» Information given
--

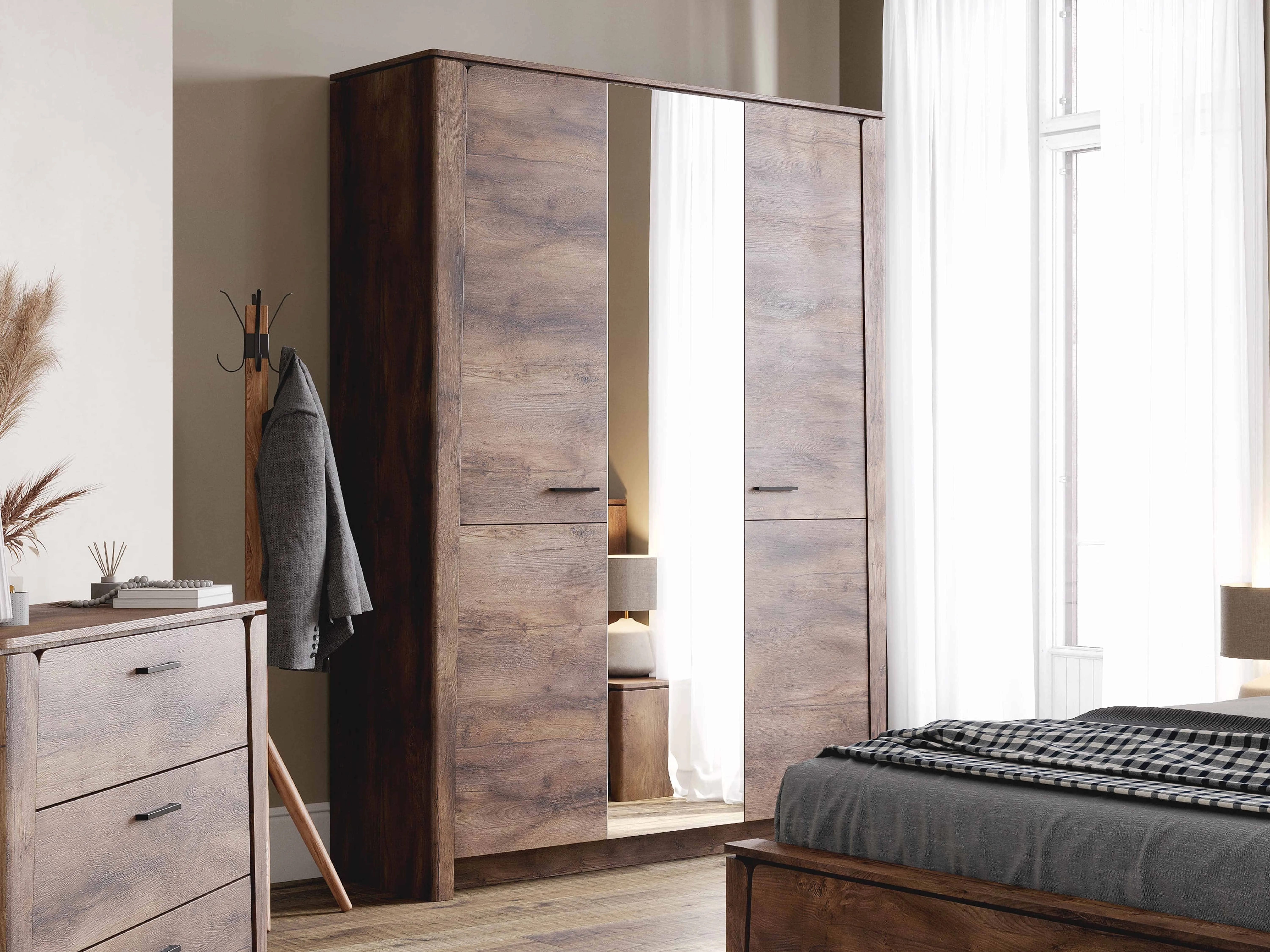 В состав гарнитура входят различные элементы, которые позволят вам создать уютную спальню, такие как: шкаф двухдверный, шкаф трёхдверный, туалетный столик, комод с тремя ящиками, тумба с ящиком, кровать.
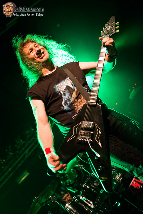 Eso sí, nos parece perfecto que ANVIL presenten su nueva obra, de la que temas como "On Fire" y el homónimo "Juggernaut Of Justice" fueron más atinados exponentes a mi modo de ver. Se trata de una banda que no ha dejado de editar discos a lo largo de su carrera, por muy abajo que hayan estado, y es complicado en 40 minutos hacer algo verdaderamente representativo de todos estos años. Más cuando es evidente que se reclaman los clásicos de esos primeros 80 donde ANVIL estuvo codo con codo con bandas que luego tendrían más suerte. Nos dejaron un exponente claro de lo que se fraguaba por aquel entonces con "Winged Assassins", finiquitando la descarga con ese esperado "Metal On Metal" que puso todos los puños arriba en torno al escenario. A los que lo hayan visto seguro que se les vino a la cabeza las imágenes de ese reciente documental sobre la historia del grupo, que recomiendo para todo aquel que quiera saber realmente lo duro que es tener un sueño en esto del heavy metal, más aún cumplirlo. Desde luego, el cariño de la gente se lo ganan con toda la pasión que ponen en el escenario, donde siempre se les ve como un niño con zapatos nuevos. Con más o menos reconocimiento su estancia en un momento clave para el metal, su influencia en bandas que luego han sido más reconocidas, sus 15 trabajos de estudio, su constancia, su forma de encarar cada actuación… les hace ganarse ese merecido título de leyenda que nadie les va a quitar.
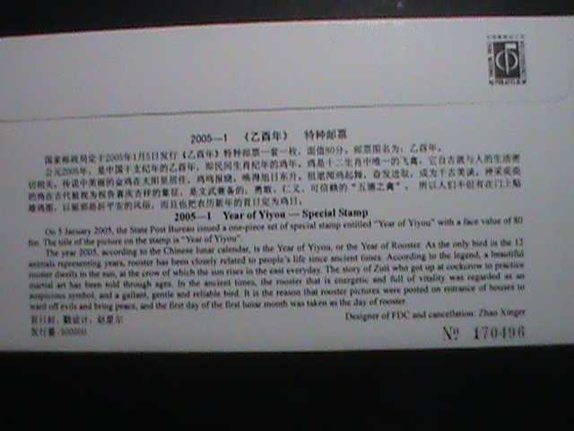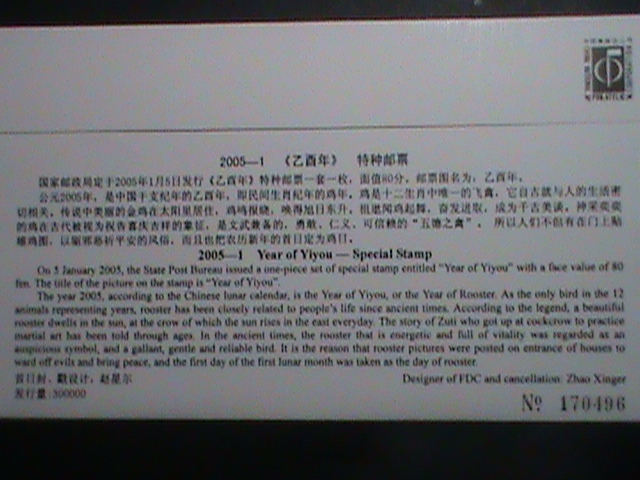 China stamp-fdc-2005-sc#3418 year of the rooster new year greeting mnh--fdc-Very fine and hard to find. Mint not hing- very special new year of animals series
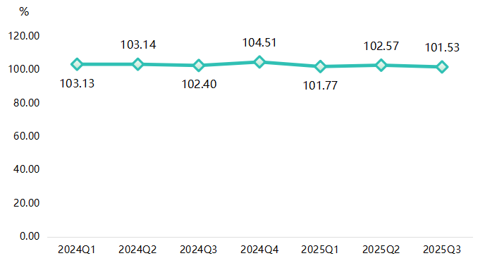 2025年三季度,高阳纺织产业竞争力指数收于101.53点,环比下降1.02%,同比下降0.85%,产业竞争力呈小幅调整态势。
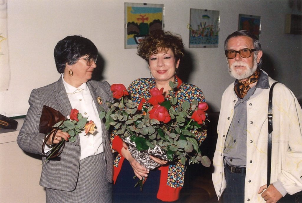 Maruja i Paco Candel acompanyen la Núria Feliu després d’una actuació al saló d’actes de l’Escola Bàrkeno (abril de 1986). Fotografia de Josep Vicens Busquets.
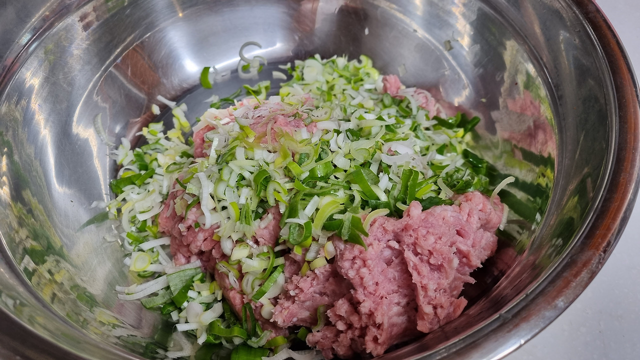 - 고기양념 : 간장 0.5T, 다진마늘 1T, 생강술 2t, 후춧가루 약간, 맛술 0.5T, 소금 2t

--

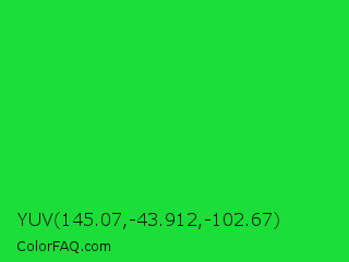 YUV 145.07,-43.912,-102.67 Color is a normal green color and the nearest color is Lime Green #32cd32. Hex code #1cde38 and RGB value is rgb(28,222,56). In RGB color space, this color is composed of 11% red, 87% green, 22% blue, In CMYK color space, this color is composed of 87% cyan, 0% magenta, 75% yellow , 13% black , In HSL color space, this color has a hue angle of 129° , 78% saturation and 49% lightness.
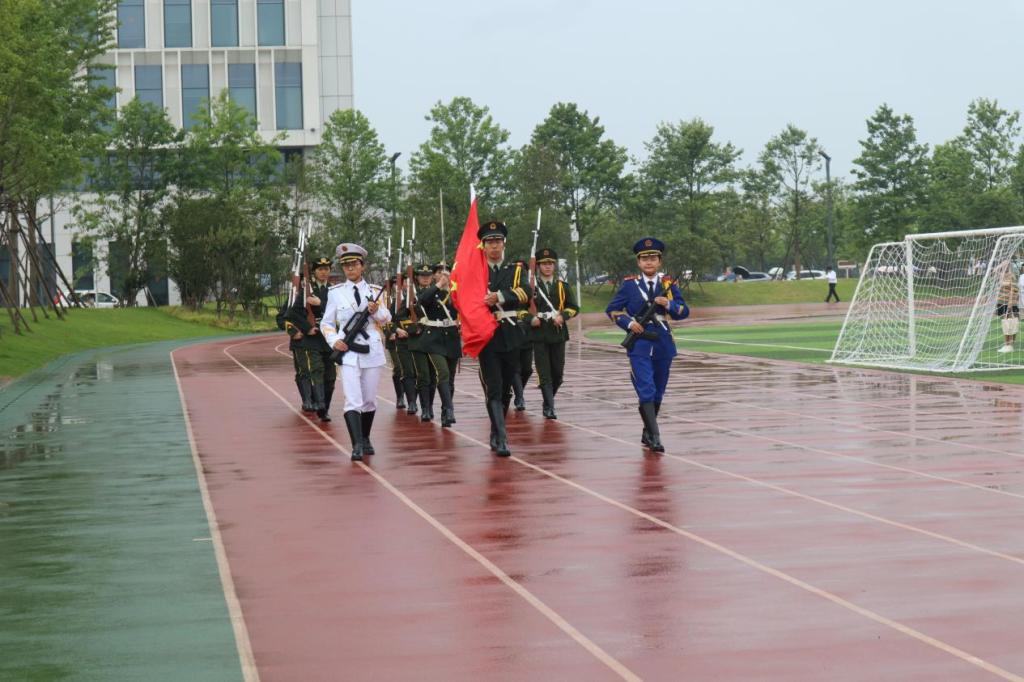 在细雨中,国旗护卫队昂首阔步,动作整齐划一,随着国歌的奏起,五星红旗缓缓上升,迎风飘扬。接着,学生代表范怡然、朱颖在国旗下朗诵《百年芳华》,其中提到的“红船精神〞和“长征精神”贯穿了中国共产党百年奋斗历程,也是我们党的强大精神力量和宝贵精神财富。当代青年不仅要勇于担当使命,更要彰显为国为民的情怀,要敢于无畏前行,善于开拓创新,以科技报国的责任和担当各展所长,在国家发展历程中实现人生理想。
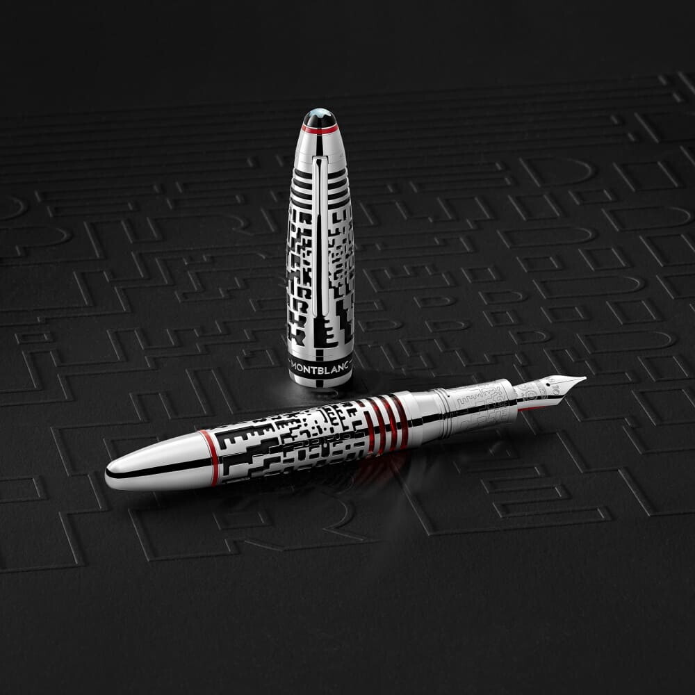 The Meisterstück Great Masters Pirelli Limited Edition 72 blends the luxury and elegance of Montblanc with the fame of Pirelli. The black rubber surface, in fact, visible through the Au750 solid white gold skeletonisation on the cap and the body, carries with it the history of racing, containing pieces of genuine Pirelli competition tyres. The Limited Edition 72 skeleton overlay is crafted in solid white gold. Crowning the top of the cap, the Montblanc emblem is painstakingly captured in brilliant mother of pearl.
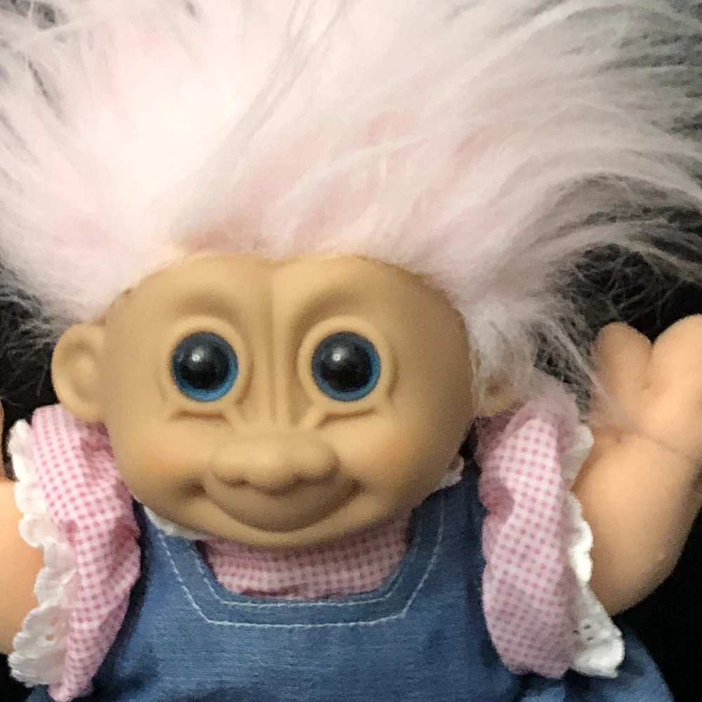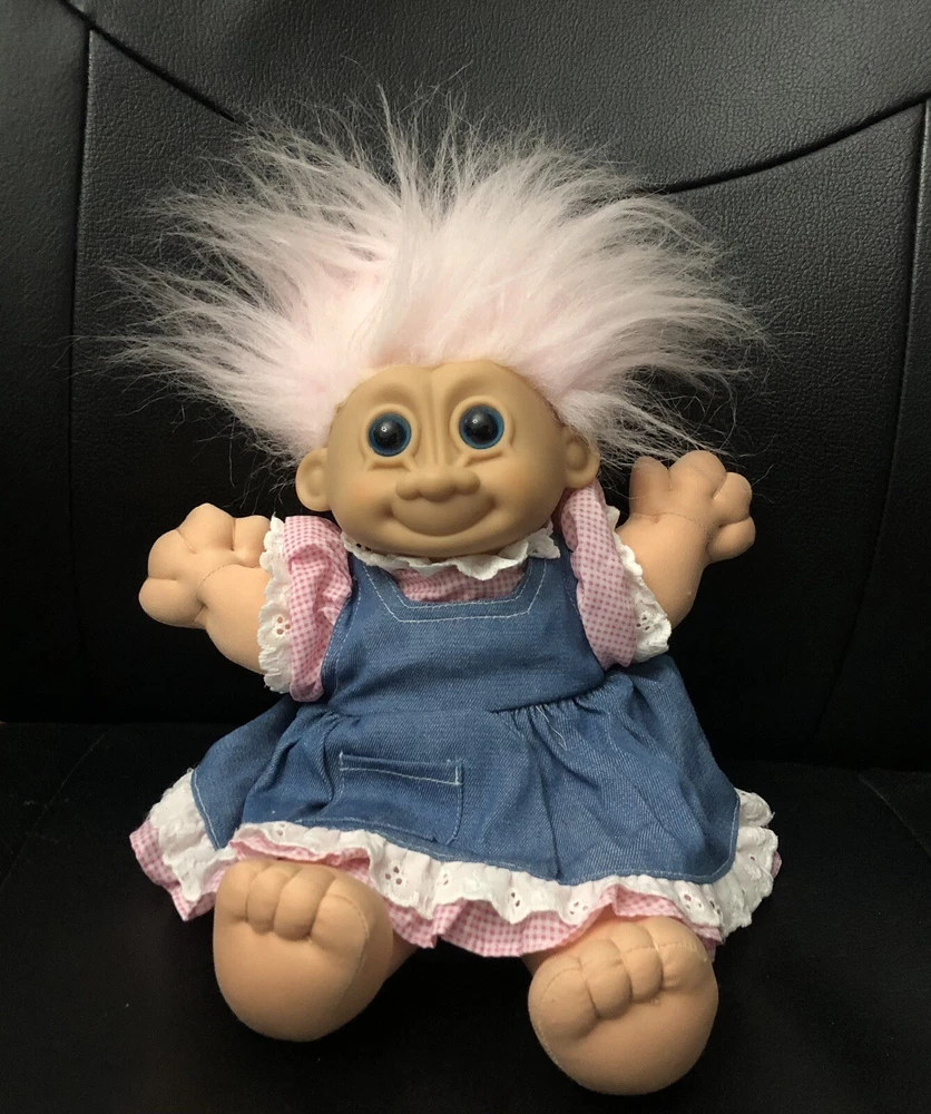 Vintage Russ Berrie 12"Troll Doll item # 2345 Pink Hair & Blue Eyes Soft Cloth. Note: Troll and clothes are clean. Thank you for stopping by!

--

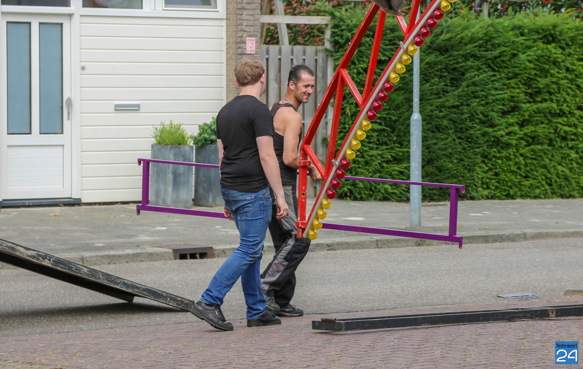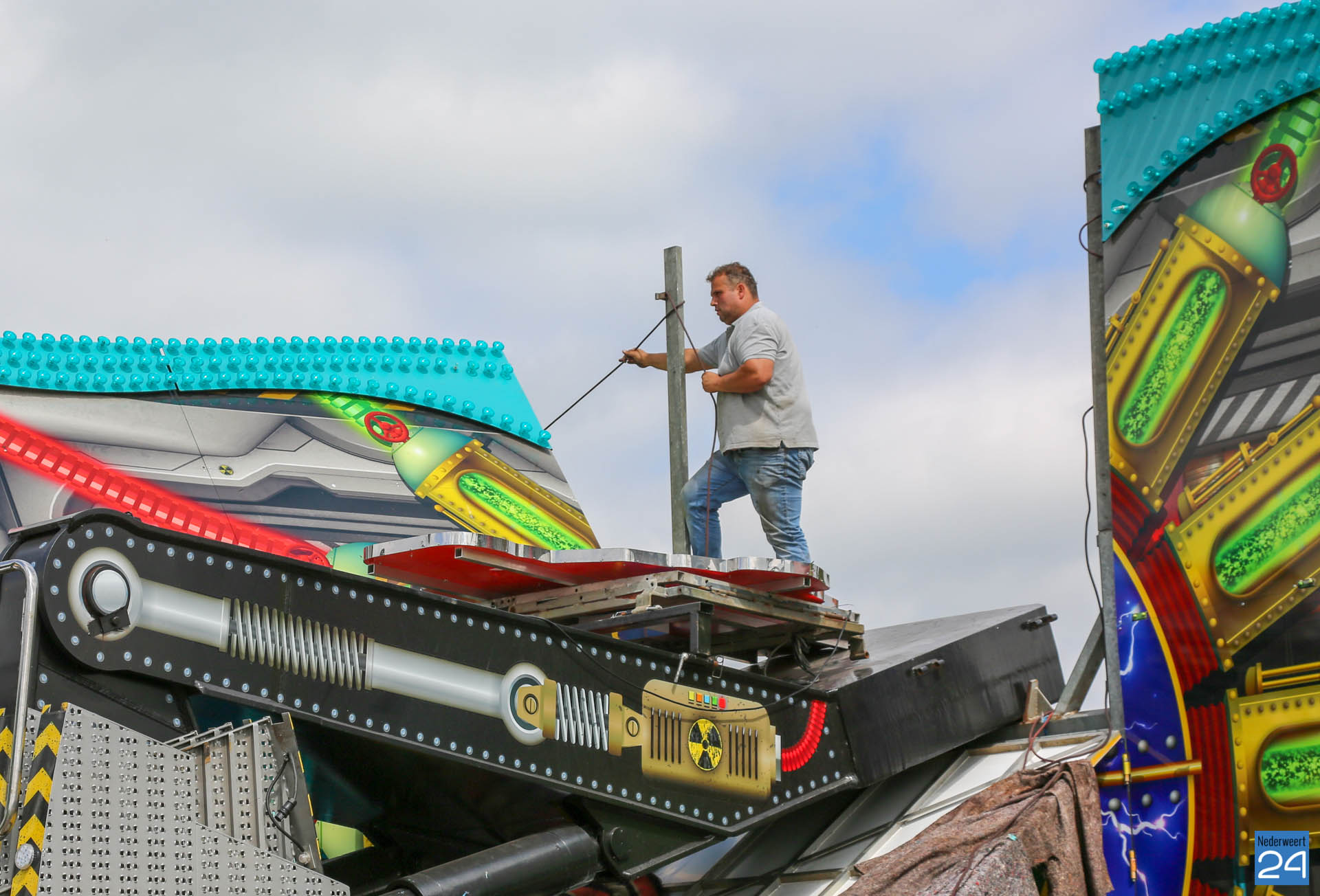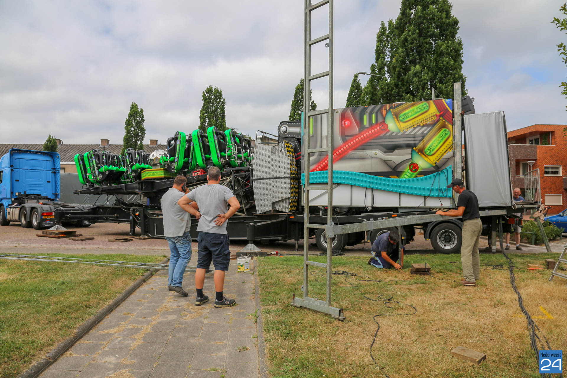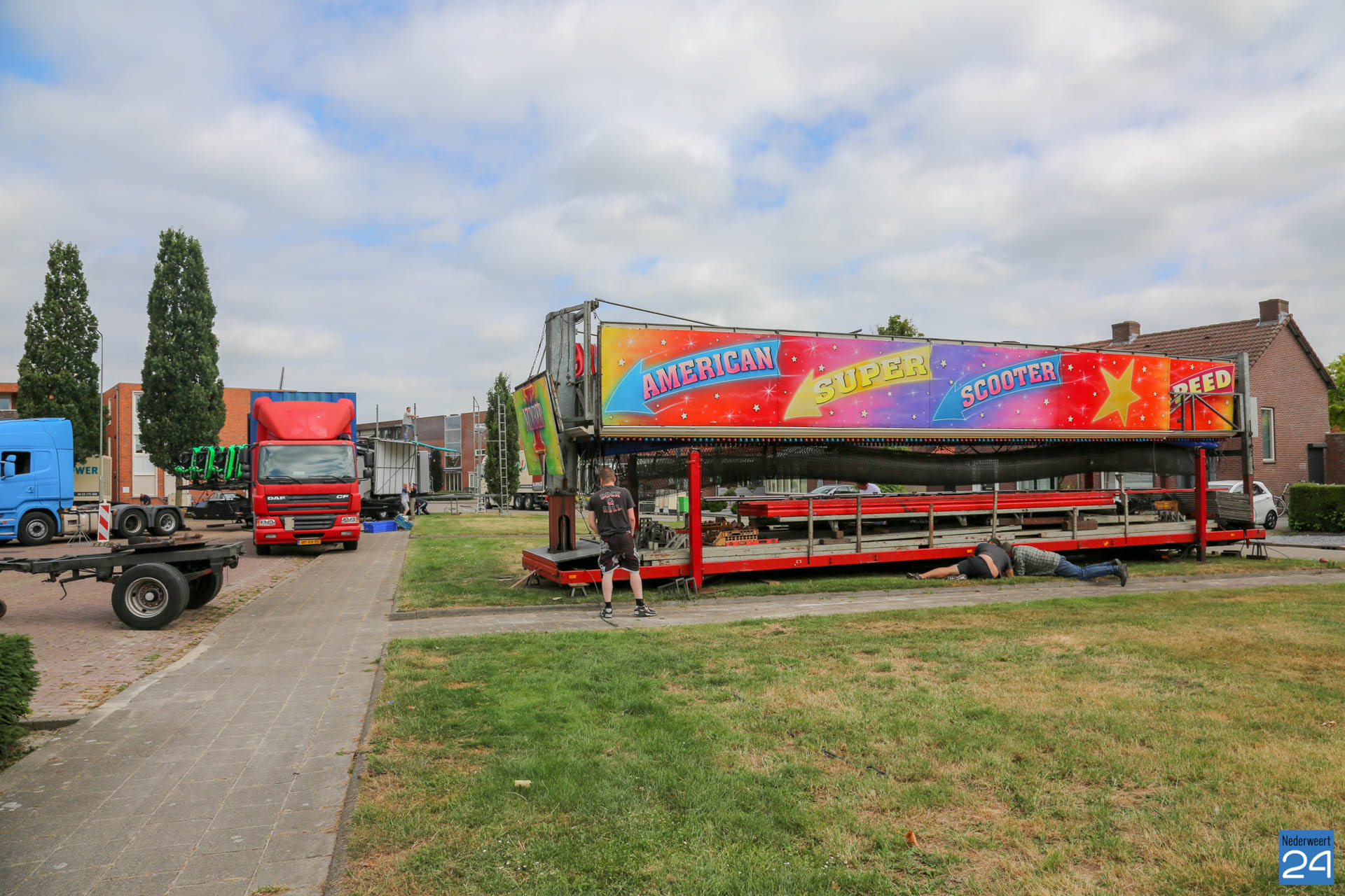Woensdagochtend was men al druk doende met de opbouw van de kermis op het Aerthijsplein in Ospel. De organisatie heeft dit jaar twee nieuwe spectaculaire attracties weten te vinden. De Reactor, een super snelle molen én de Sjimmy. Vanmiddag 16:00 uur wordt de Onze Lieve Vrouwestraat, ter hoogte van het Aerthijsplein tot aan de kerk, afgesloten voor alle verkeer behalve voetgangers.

--

» Work to be completed
Given the entries above, transcribe exactly the lines from the one holding "Maruja i Paco" through the one holding "- 고기양념 : 간장"; pictures do not belong in the transcription.

» Written solution
 Maruja i Paco Candel acompanyen la Núria Feliu després d’una actuació al saló d’actes de l’Escola Bàrkeno (abril de 1986). Fotografia de Josep Vicens Busquets.
 - 고기양념 : 간장 0.5T, 다진마늘 1T, 생강술 2t, 후춧가루 약간, 맛술 0.5T, 소금 2t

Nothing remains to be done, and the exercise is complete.